Finding Your First Financial Adviser After 50
It's not too late to connect with a savvy money pro
You’ve heard about financial advisers your whole adult life, professionals who reputedly combined the know-how of accountants with the money wizardry of seasoned investors. So how come you’ve never been to a financial adviser?
The possible reasons are many.
Why People Don't Hire a Financial Adviser
“I think some folks believe they’ll be sold something they don’t need,” said Sterling Raskie, instructor of finance at the University of Illinois Urbana-Champaign. Others, Raskie said, may be apprehensive about dealing with their finances. In addition, “some are afraid a financial adviser might be too expensive, while others may not know where to look for one,” Raskie added.
People put off going to a financial adviser for “the same reason I put off doing my taxes: It’s boring and sometimes painful,” said Taylor Schulte, a Certified Financial Planner and founder of Define Financial in San Diego. “A research group once described financial planning as feeling like a mix between a dental visit, math class and marriage therapy.”
“We often hear something along the lines of, ‘I've made it this far without a financial adviser, why do I need you now?’” Schulte said. “After 30 years of managing their own finances, it's not always easy to turn the keys over.”
What a Financial Adviser Does and Charges
A recent Northwestern Mutual survey found that nearly seven in 10 Americans say they don’t have a trusted money adviser. And almost half (45 percent) don’t know where to get the help they need.
Ready to get a financial adviser? First be sure you understand what a financial adviser is and does. “For some, a quick talk with their broker counts as seeing a financial adviser. I disagree,” said Eve Kaplan of Kaplan Financial Advisers in Berkeley Heights, N.J.
Financial advisers should help you map a money plan based on your goals, discuss asset allocation options for your investments and help keep you on track with your plan. He or she shouldn’t try to predict the market or forecast precise returns on your investments.
Advisers generally charge a flat fee (either hourly or based on the percentage of your assets the adviser handles), earn a commission on products sold or work for some combination of the two.

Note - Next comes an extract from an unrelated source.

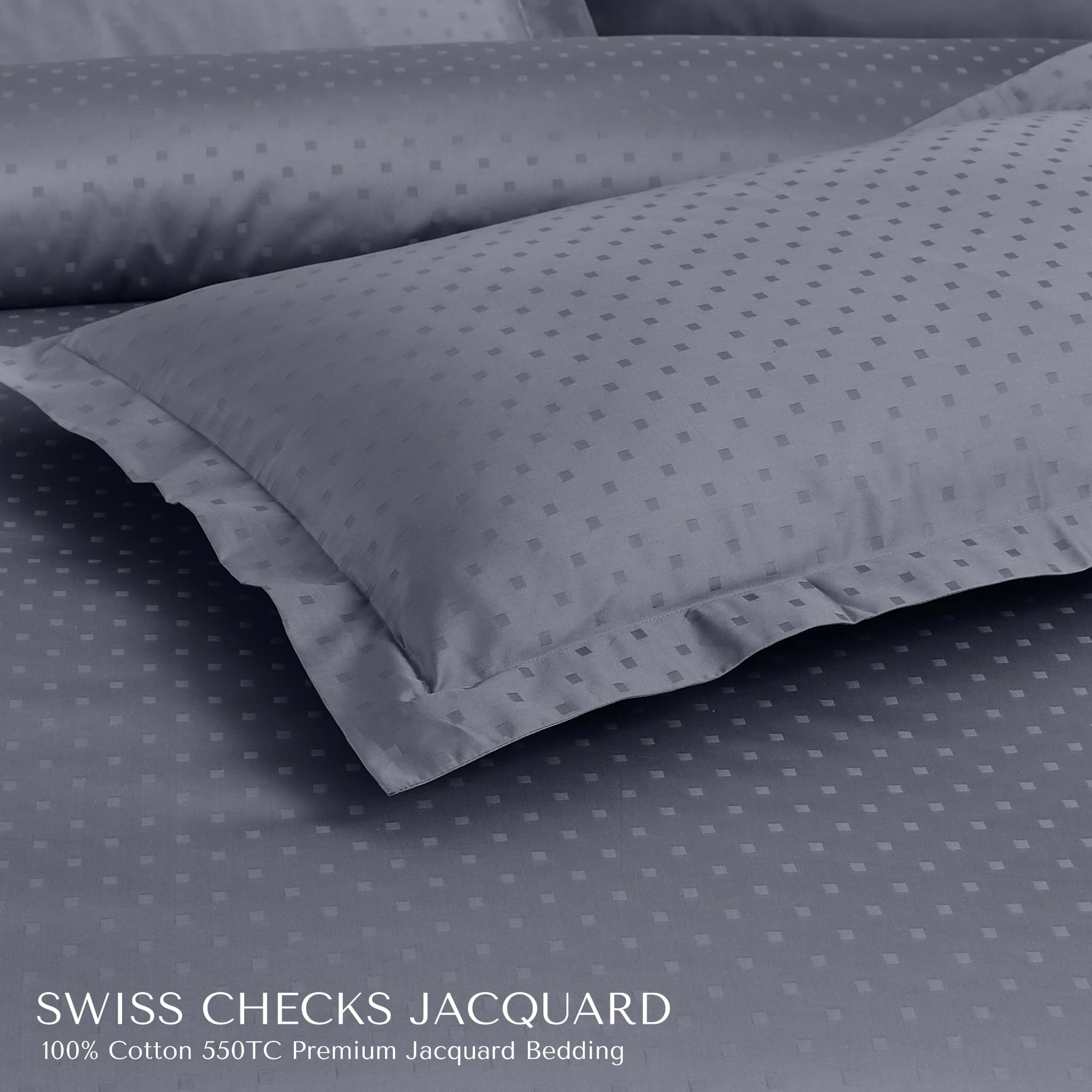 Malako Swiss Checks Jacquard Grey 550 TC 100% Cotton King Size Bedding
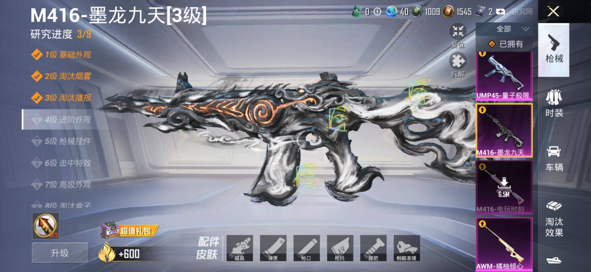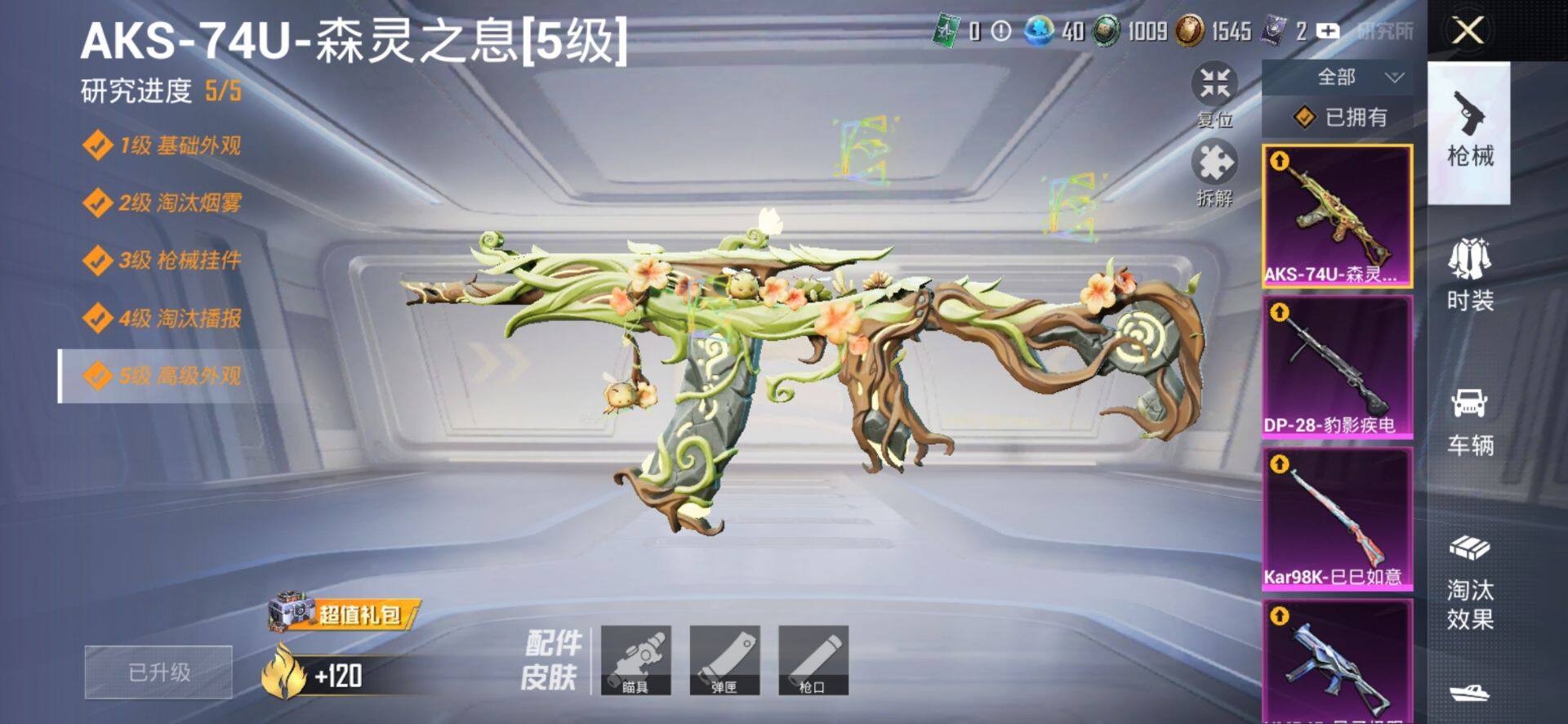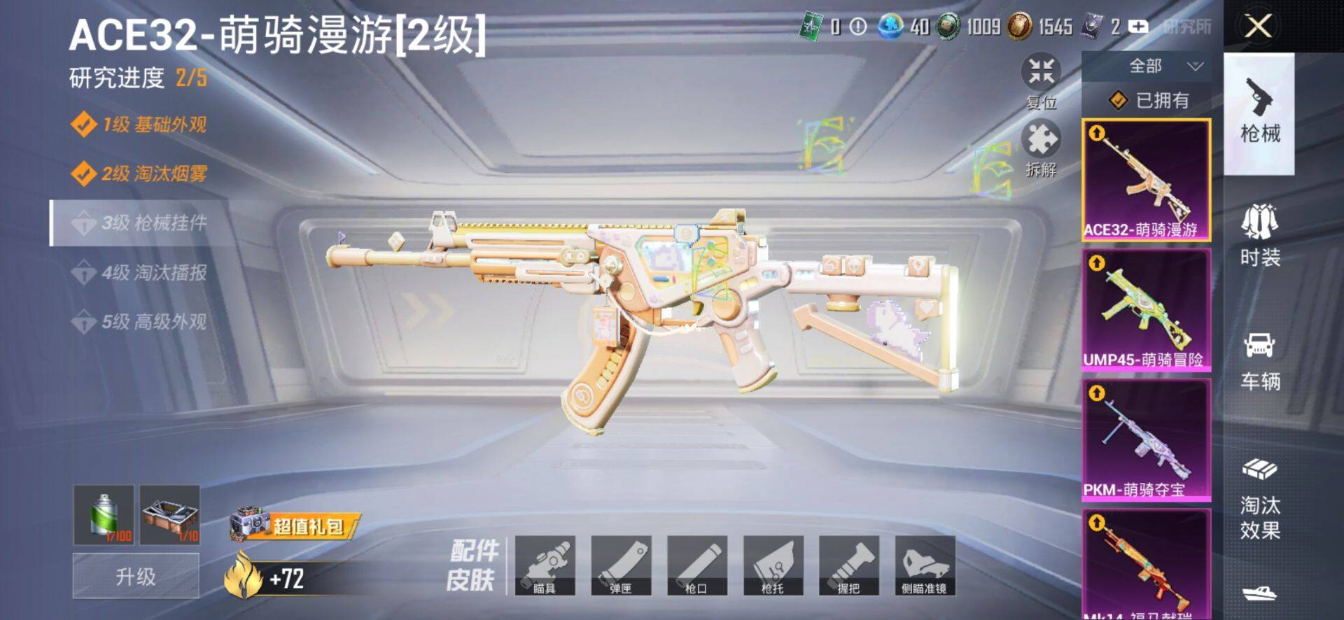 【粉色枪皮等级】:M416-电玩时刻(五级),M416-墨龙九天(三级),ACE32-萌骑漫游(二级),UMP45-量子极限(五级),UMP45-萌骑冒险(一级),AKS-74U-森灵之息(五级),Kar98K-巳巳如意(五级),AWM-橘柚倾心(七级),Mk14-福马献瑞(五级),DP-28-豹影疾电(五级),PKM-萌骑夺宝(一级)

It’s important to decide what compensation arrangement meets your needs and your best interests.
Why People Look for Advisers After 50
A major life event often triggers someone over 50 to call a financial adviser for the first time: a death in the family, a divorce or an inheritance, for example.
The accountant of a retired couple recently referred them to Schulte after the husband’s mother died. “For the first time in their life, they had a seven-figure account balance. Along with cash distributions and retirement accounts, they also inherited fractional shares of both commercial and residential real estate,” he said. “The number of moving parts urged them to contact a professional to be sure they made smart decisions.”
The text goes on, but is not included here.